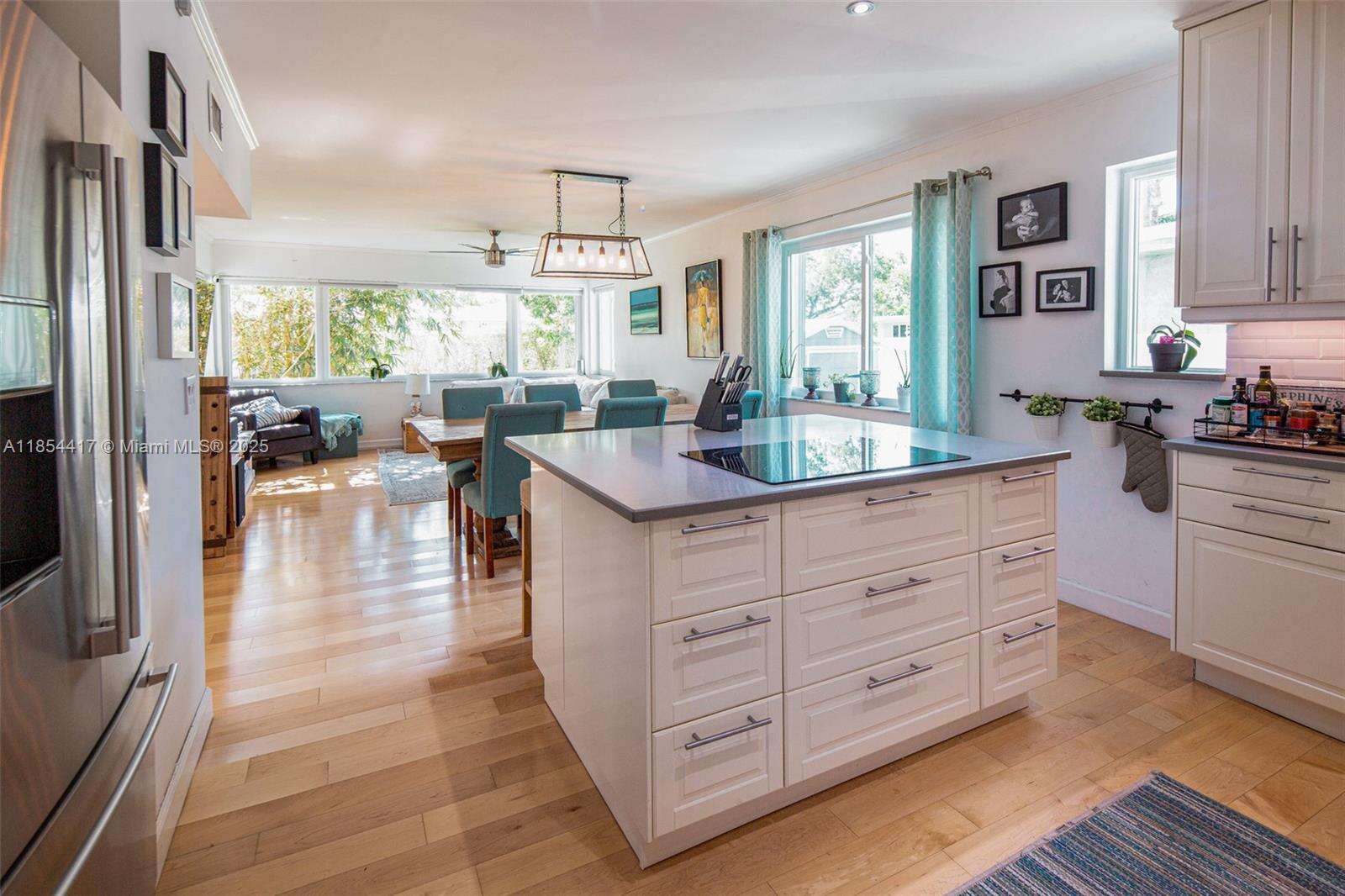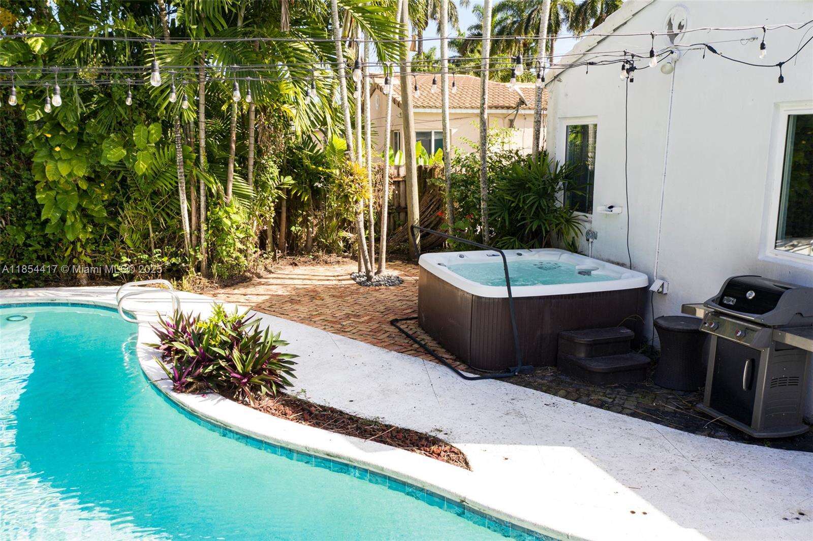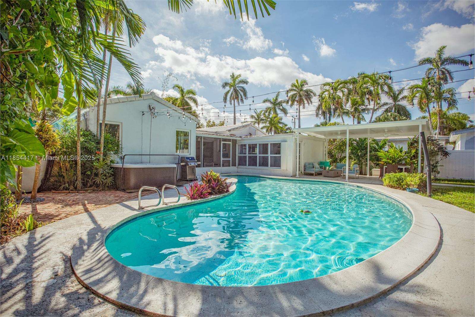 Short distance to the beach! This beautifully renovated Hollywood Lakes home offers a tropical oasis with a heated saltwater pool, spa, and roofed patio for year-round enjoyment. Inside, you’ll find new premium vinyl floors (2025), tiled bathrooms, a modern kitchen with quartz countertops and stainless steel appliances, fully updated electric plus LED lighting and a tankless water heater. Major upgrades include a 15.54 kW solar system (new), complete pool renovation (2021), PVC sewer piping (2022), flat roof (2023), updated tile roof with solar, impact windows and hurricane shutters, and dual AC units (2024 & 2022). Complete pool renovation in 2021. Truly move-in ready with top-to-bottom updates. Home may be sold furnished or unfurnished.
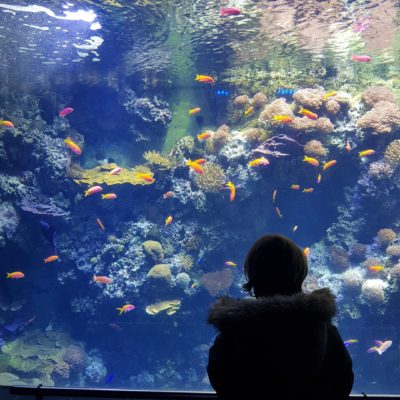 Vic ficou hipnotizado pelos peixes, cavalos-marinhos, medusas, tubarões e anêmonas que viu, e tivemos a oportunidade de mostrar espécies ameaças e explicar os motivos pelos quais é importante pensar na preservação dos mares e cuidar muito bem para que o lixo não chegue até eles. Um aquário formado apenas por lixo humano pode ser visto em meio aos demais aquários e o objetivo é sensibilizar o público com relação à preservação da vida marinha, extremamente ameaçada por conta da pesca predatória em larga escala e à utilização excessiva de plásticos, assim como à falta de cuidados ao descartar lixo.
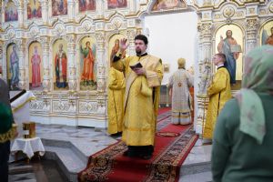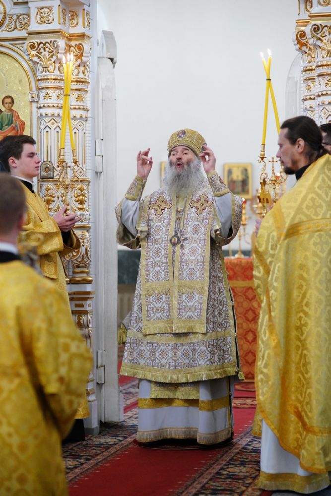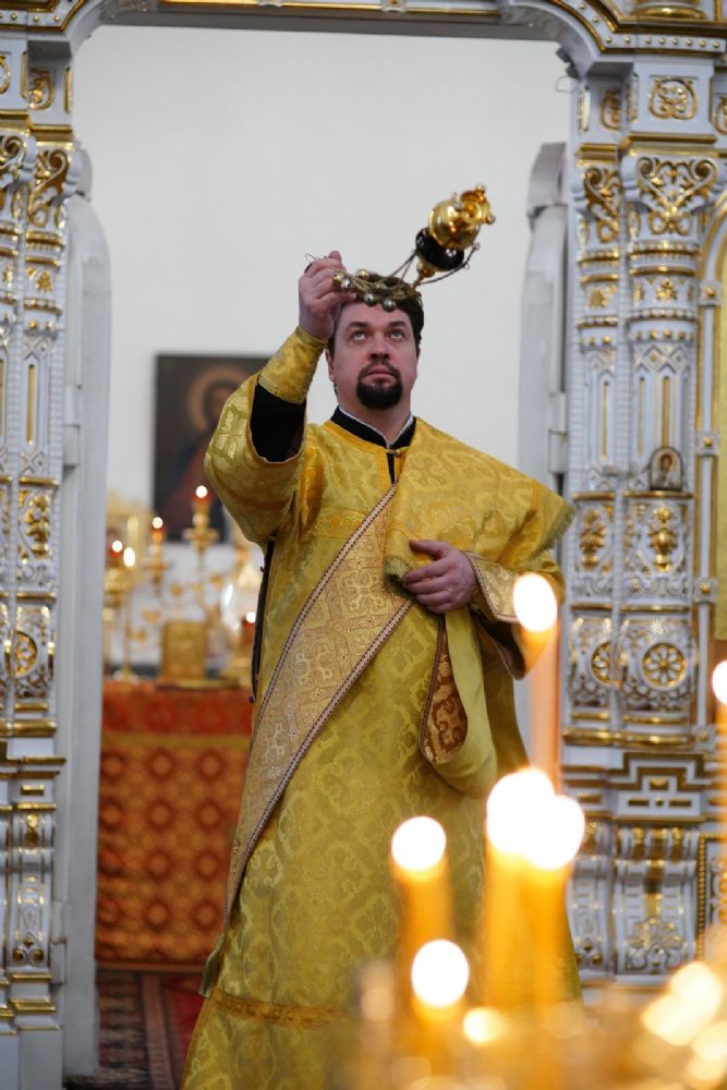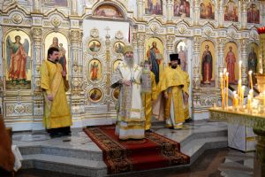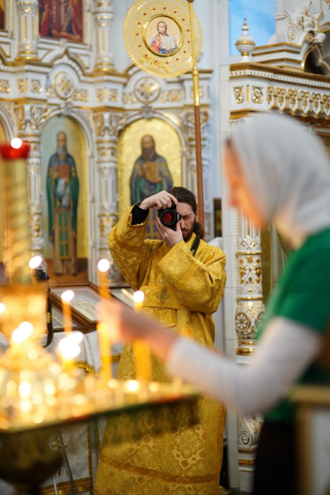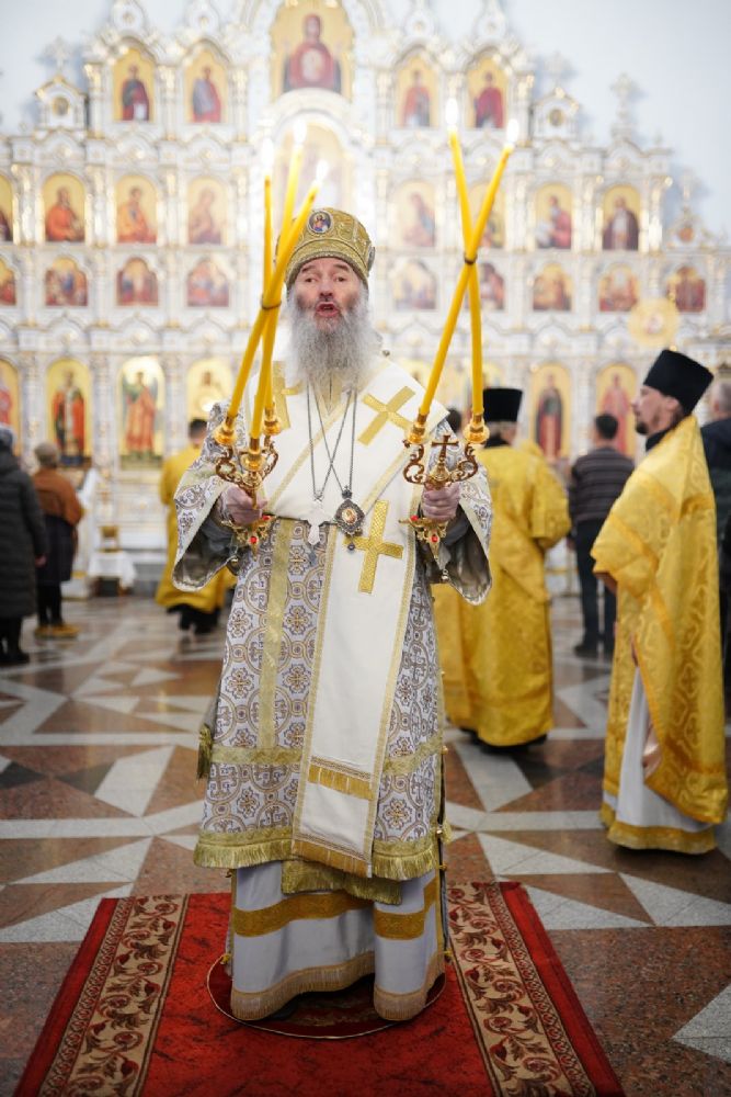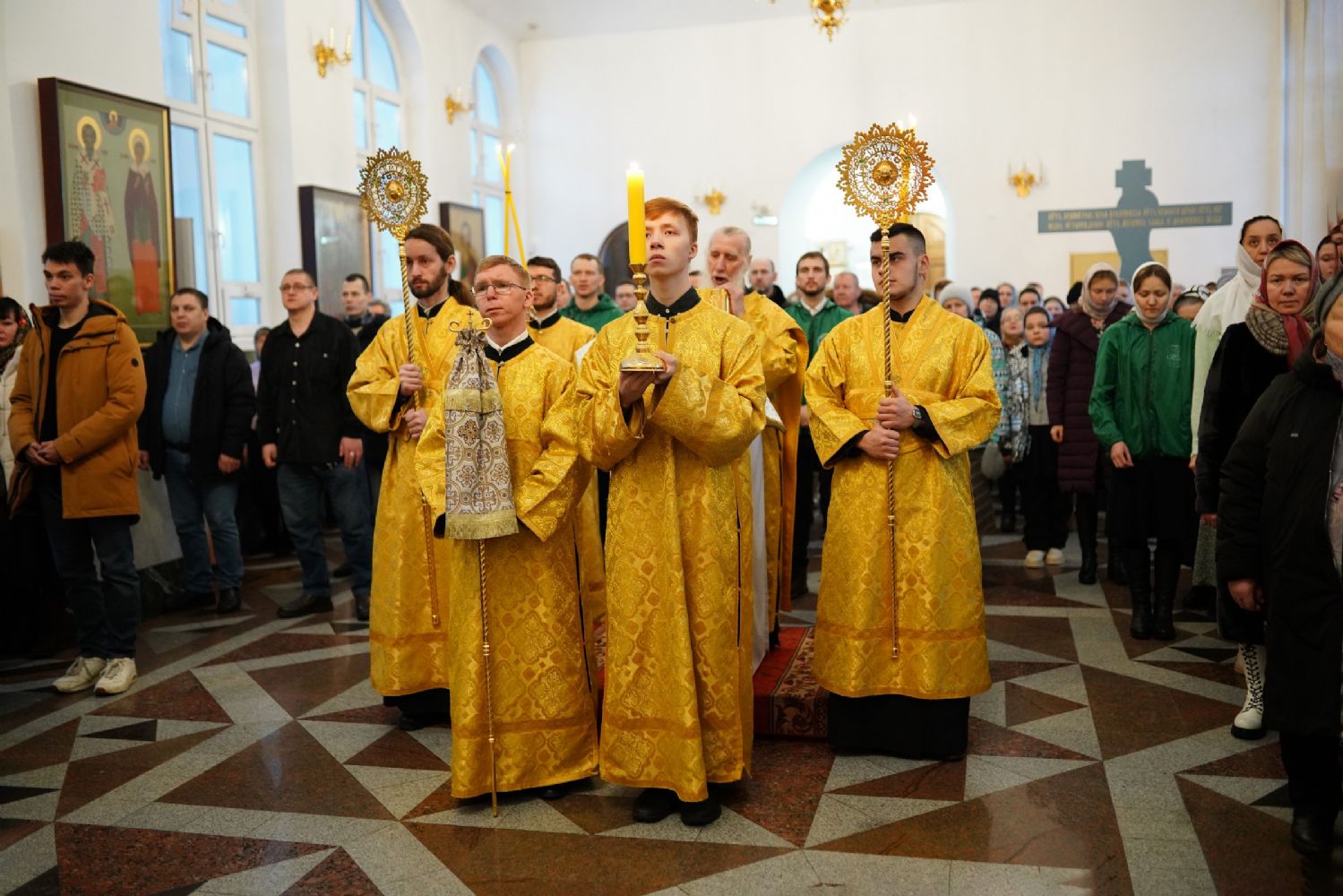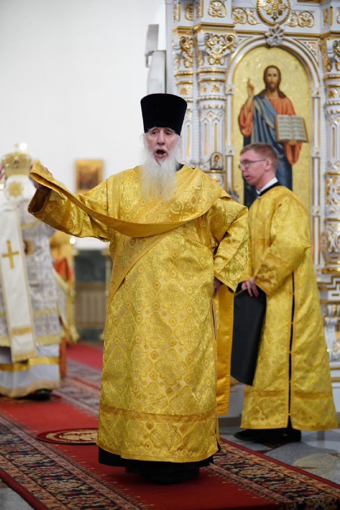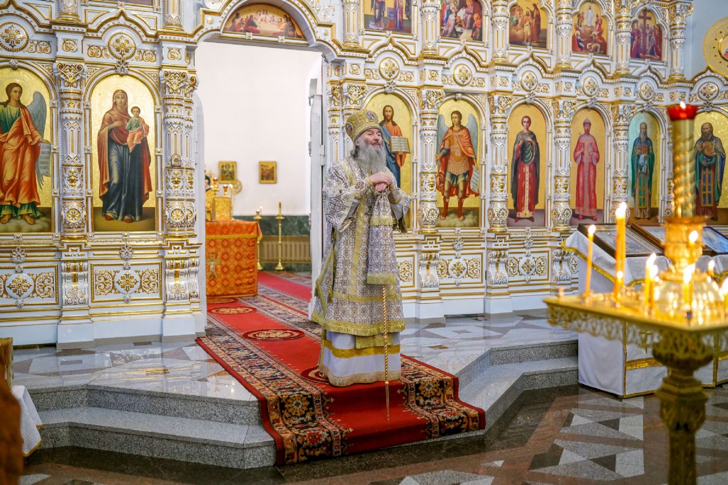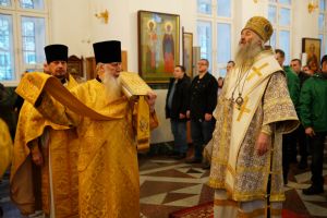 Архипастырю сослужили настоятель собора иерей Андрей Кочаков, протодиакон Михаил Козловский и клирик собора диакон Алексий Кузнецов. Песнопения исполнял хор собора под управлением Алисы Вылегжаниной.

WORK INSTRUCTIONS
All of the data above should be transcribed verbatim, with pictures omitted.

THE COMPLETED TASK
 Short distance to the beach! This beautifully renovated Hollywood Lakes home offers a tropical oasis with a heated saltwater pool, spa, and roofed patio for year-round enjoyment. Inside, you’ll find new premium vinyl floors (2025), tiled bathrooms, a modern kitchen with quartz countertops and stainless steel appliances, fully updated electric plus LED lighting and a tankless water heater. Major upgrades include a 15.54 kW solar system (new), complete pool renovation (2021), PVC sewer piping (2022), flat roof (2023), updated tile roof with solar, impact windows and hurricane shutters, and dual AC units (2024 & 2022). Complete pool renovation in 2021. Truly move-in ready with top-to-bottom updates. Home may be sold furnished or unfurnished.
 Vic ficou hipnotizado pelos peixes, cavalos-marinhos, medusas, tubarões e anêmonas que viu, e tivemos a oportunidade de mostrar espécies ameaças e explicar os motivos pelos quais é importante pensar na preservação dos mares e cuidar muito bem para que o lixo não chegue até eles. Um aquário formado apenas por lixo humano pode ser visto em meio aos demais aquários e o objetivo é sensibilizar o público com relação à preservação da vida marinha, extremamente ameaçada por conta da pesca predatória em larga escala e à utilização excessiva de plásticos, assim como à falta de cuidados ao descartar lixo.
 Архипастырю сослужили настоятель собора иерей Андрей Кочаков, протодиакон Михаил Козловский и клирик собора диакон Алексий Кузнецов. Песнопения исполнял хор собора под управлением Алисы Вылегжаниной.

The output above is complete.